You cant gain weight unless you have a caloic surplus. This just means that you need to eat more calories than you burn each day for a set amount of time to increase your bodyweight. The same goes if you want to loose weight, a caloric deficit must be achieved, meaning you must eat LESS calories than you are burning for a set amount of time to lower your bodyweight
if your a beginner stick to basic compound excerises. A compound excerise is one which uses more than one joint or muscle in at once. Good compound exersises to use are: barbell back squats, deadlifts, chin ups and pull ups, dips, push ups, push press, military press.

if your doing the Bodybuilders style bench press (wide grip elbows flared out and bringing the bar close to your collar bone) Your asking for shoulder injuries, do yourself a favour and pull your shoulder blades back and down to create an arch, cheep your chest prowed. Flex your lats and core keep your butt on the bench, keep your elb...ows in close to your body instead of flared, allow your grip to be closer to enable this, grip the bar tight. Bring your feet back AND wide as far as you can while still maintaining contact on the ground with your heels. When you unrack the bar being it to your nipple line and without bounching the bar touch your chest and as you push the bar up drive your heels into the ground as if doing a push press. This is the correct technique for the bench press.
There are no real concrete rules in training, as everyone is an indvidual and responds differently as individuals, So use my information more as a guidlines to help you in the right direction

Tuesday, 10 May 2011

An Intro

Greetings all gym junkies, meat heads fitness enthusiasts and general public alike. Im Andrew Sheridan a Northshore based PT who has a knack for producing results for those who take their time out to follow my advice. This blog liturally will contain everything you need to know about many specific types of training and nutrition programs.
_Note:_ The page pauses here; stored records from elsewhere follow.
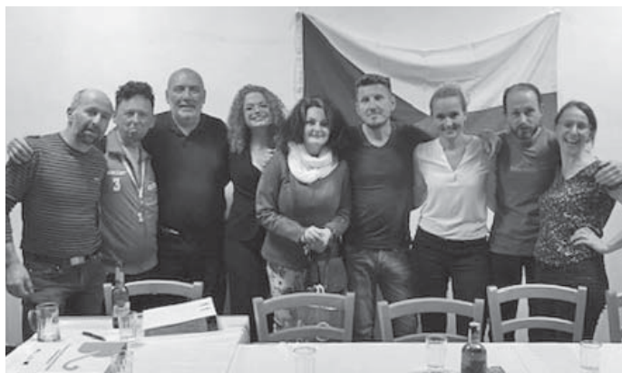
Kompletní soubor ochotníků po úspěšném představení v sále doubravické hospody.

Letošní divadelní sezóna se našemu ochotnickému spolku Novoveský utopenec rozjela jako dobře namazaný stroj. Divadelní představení „Zase Ti tupitelé“ pobavilo začátkem srpna nejen zastupitele, ale i ostatní obyvatele obce Doudleby, kde jsme si zahráli v sousedském duchu za pěkného počasí na obecní louce. Nevšedním divadelním zážitkem bylo pro nás vystoupení na Čakovském prkně ve stylové stodole jako vyvrcholení tamních obecních slavností. Dále jsme byli také vyžádáni hrát na nádvoří Borovanského zámku, kde jsme tuto hru za velkého aplausu už jednou ztvárnili. V Doubravici se smíchem diváci za břicha popadali. Samé zkoušky, představení, schůze ... Mjli blízce se domnívali, že se snad chystám své hospodské řemeslo pověsit na hřebík, koktejlové šejkry a ostatní barmanské nádobíčko věnovat dětem na písek, a že se začnu spolu s ostatními věnovat herectví.
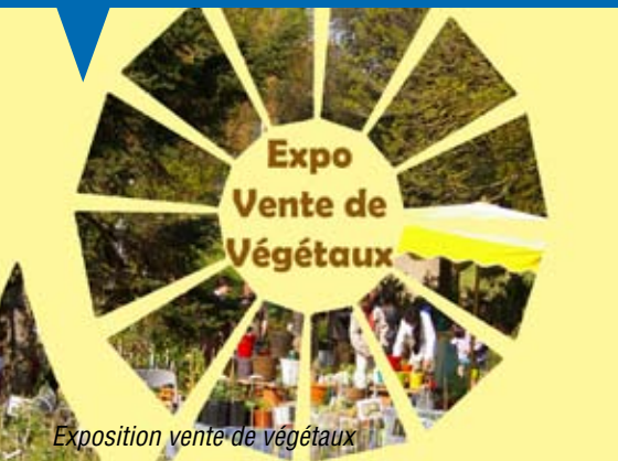
Exposition vente de végétaux
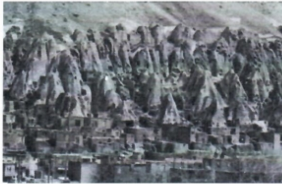
شکل ۱. بامیان، معماری صخره‌ای
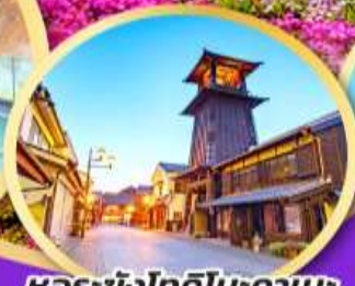
หอระฆังโทคิโนะคานะ
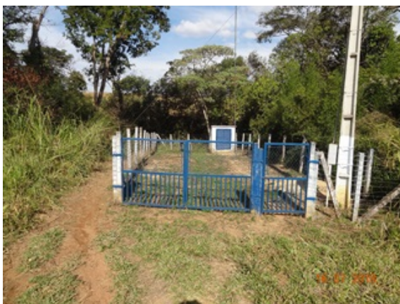
Foto 15 - Poço P 05 interligado à caixa de reunião.
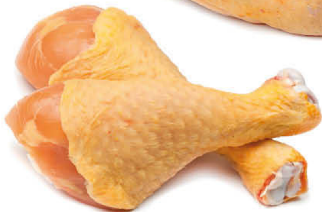
401160 PERNILETS DE POLLASTRE Caixa de 5kg Peces de 120/160g - IQF
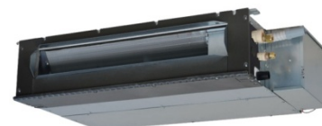
SRR 25 / 35 / 50 / 60
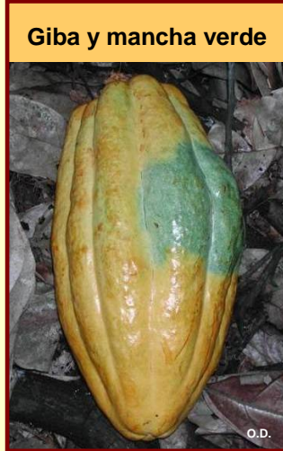
Giba y mancha verde
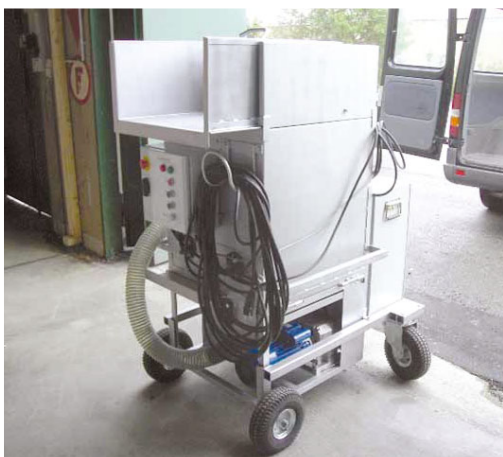
Für die unterschiedlichen Produktgruppen ...
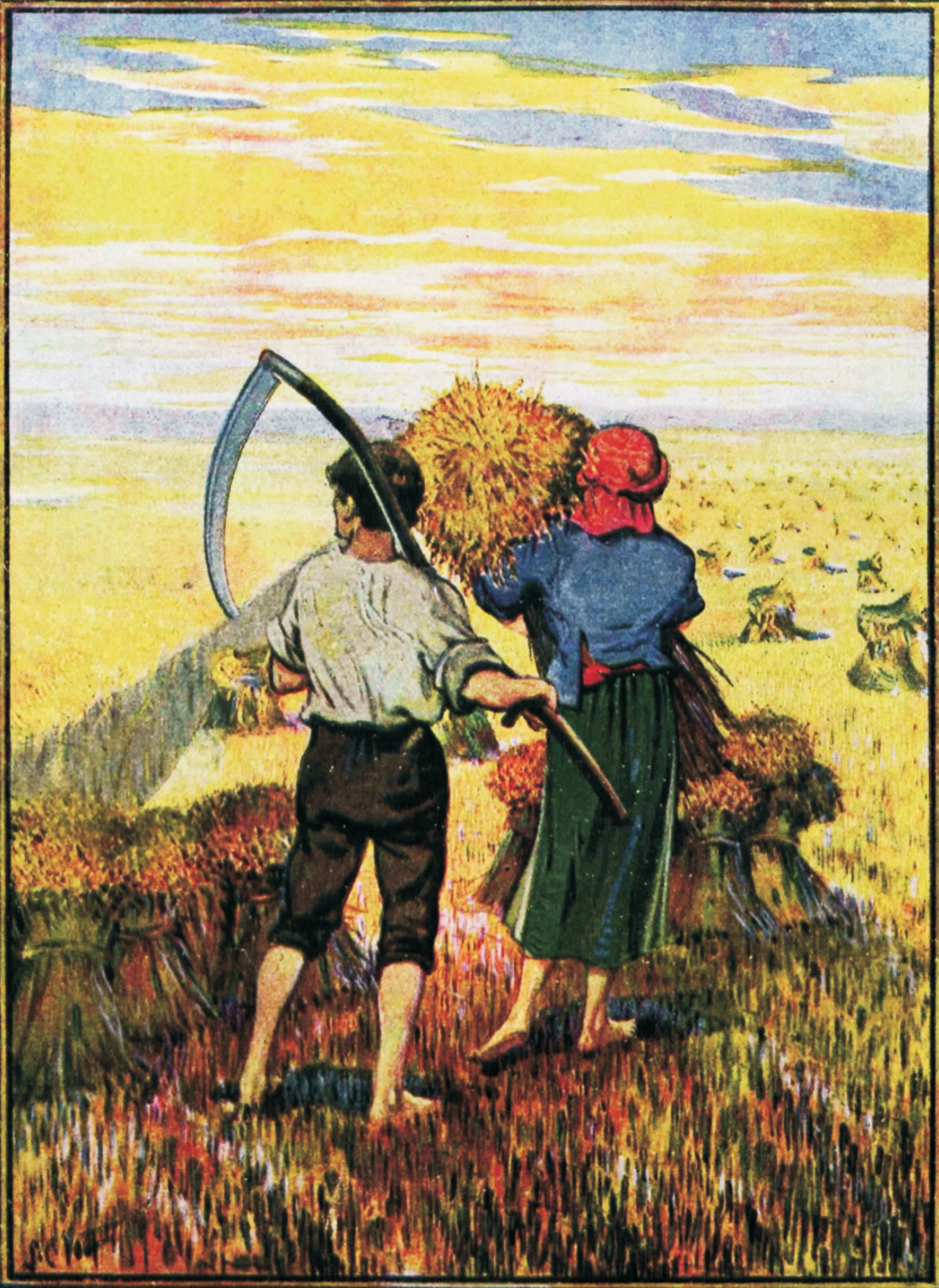
„Teikust on palju, aga pisut tööstegijaid.“
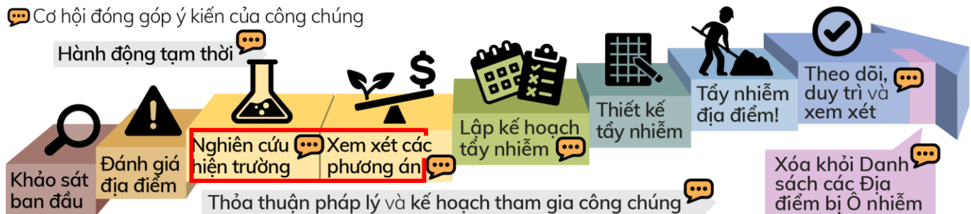
Quy trình dọn dẹp chính thức của Washington
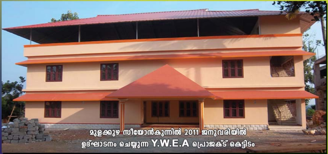
മുളക്കുഴ സീതോൻകുനിൽ 2011 ജനുവരിയിൽ ഉദ്ഘാടനം ചെയ്യുന്ന Y.W.E.A പ്രൊജക്ട് കെട്ടിടം
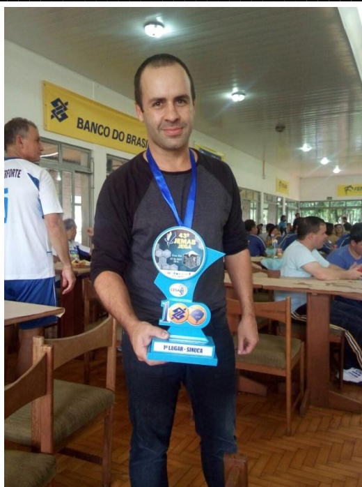
Campeão - Sinuca

Defesa menos vazada: Almir Hermes 1 gol.
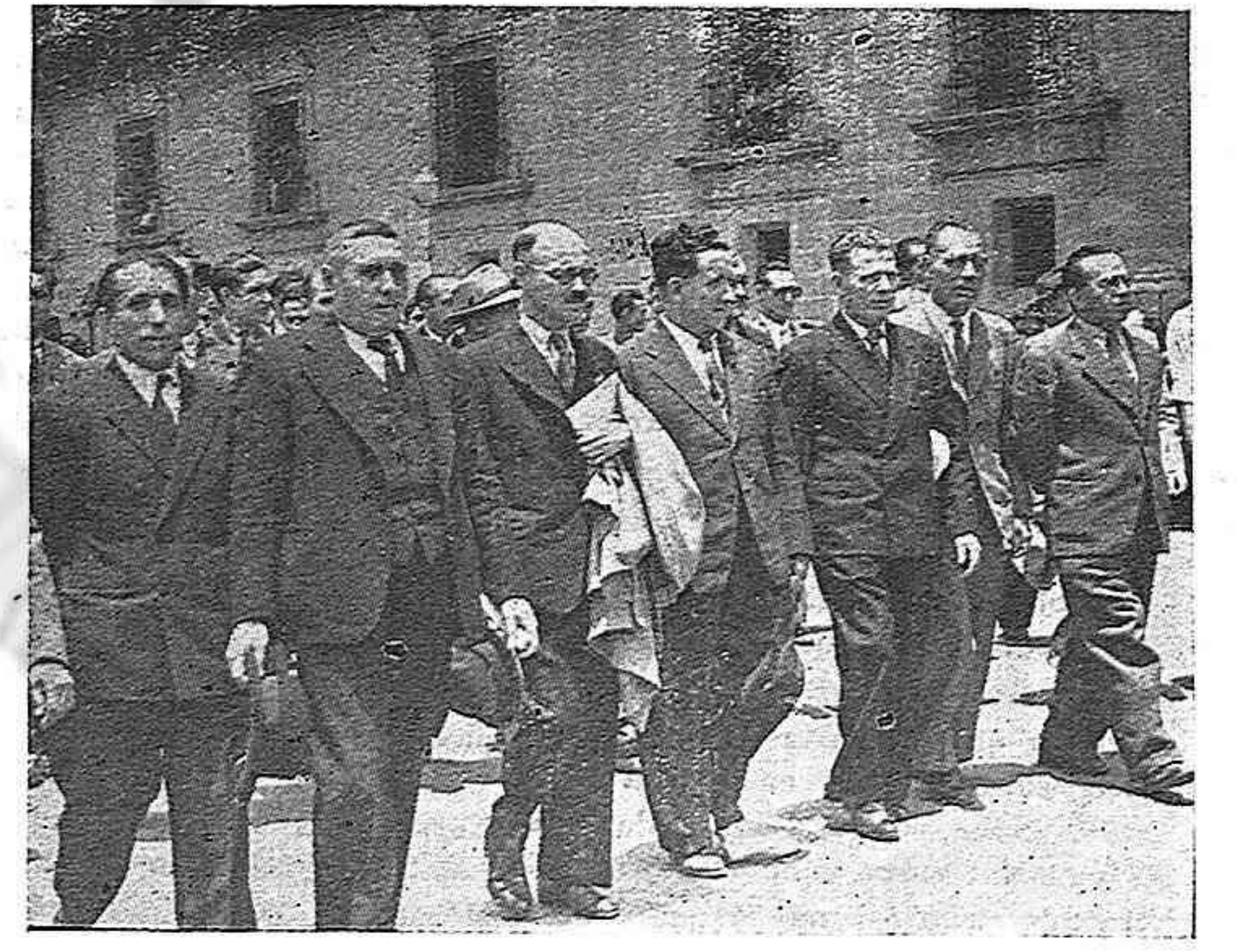
Un aspecto de la Presidencia de la columna de los españoles en el desfile del 1o. de Mayo.
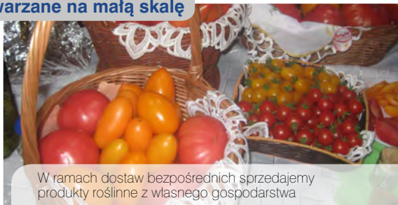
W ramach dostaw bezpośrednich sprzedajemy produkty roślinne z własnego gospodarstwa

Działalność w ramach dostaw bezpośrednich może być prowadzona na terenie województwa, w którym prowadzona jest produkcja pierwotna lub na terenie województw przyległych.
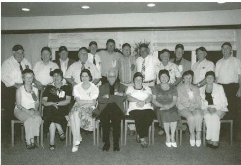
3. razred nižje gimnazije Slovenj Gradec 2007
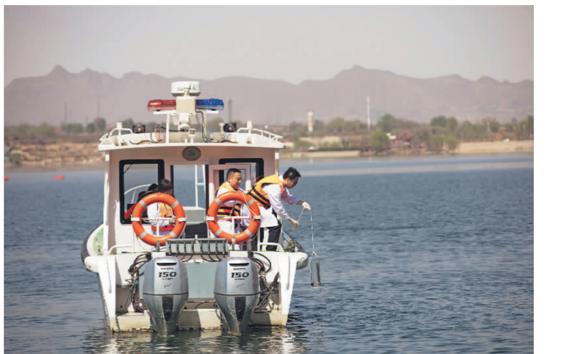
↑4月17日,北京市官厅水库管理处水环境监测分中心化验员正乘船采集水库水样。
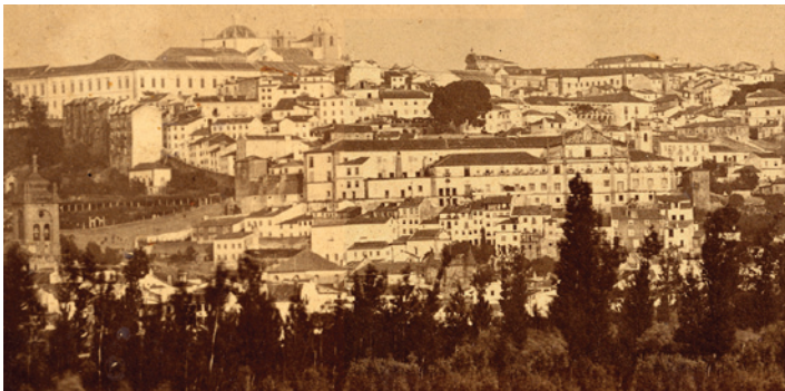
Figura 2 – Colégio de Santo Agostinho e a Torre de Anto.
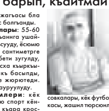
Совкалары, кёк футболчы, жашин тюрсюлю

ёрге жан, сары спорт курткасы. Алюев Руслан Сафарбичини кюйда болганыны юсюнен бир торлю шартланы биле эсегиз, бу телефону номерле белеширинизни тилейбиз: (86632) 4-10-02 (дежурный бөлүм), 8-967-421-00-28, 02 недю полицияны жуукъудагы бөлюмюне.
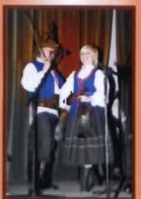
Biesiada - str. 31
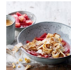
ASTUCE RHUBARBE DE LA SEMAINE Tagliatelle de crêpes et compote de rhubarbe**
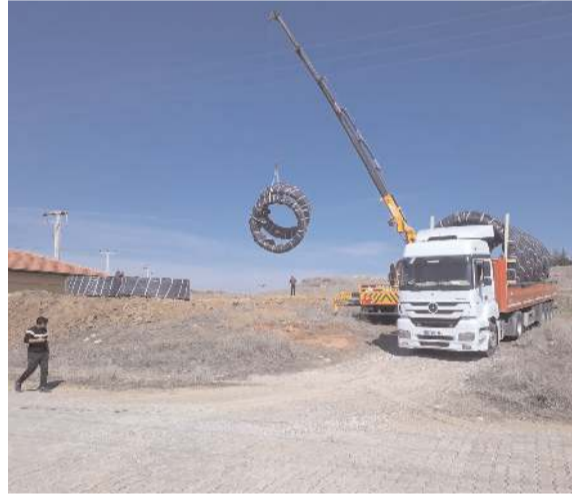
Çorumgaz, bölgeye doğalgaz hattının döşenmesi için çalışmalara başladı.
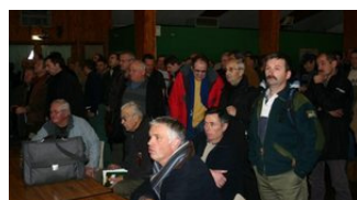
Vendeurs et acheteurs de bois attendront en vain.

L'intersyndicale de l'ONF a de nouveau empêché la vente de bois de Pontarlier à Levier. Les communes privées de ressources et les scieurs s'indignent !
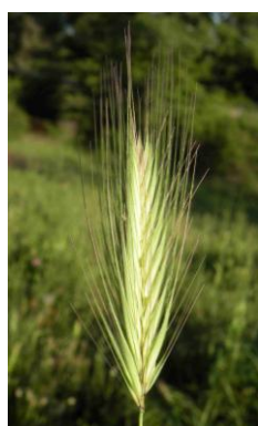
Orge des rats ( Hordeum murinum )

Not only that but Im going to simplify all the complex, cut the bullshit and Im going to tell it how it is not how you want to hear it. I'll share with you all my experiences with a range of different diets and excerise programs as well as my progress over the past and the present. I make no claim to be a doctor, a physiologist, neurologist, an elite strength&conditioning coach, or nutritionist. I also make no claim that the methods I use and advise to you guys are the only way to achieve results but I do not only claim but garuntee that if you take the information Provided to you on this blog and use it correctly you will achieve awsome results.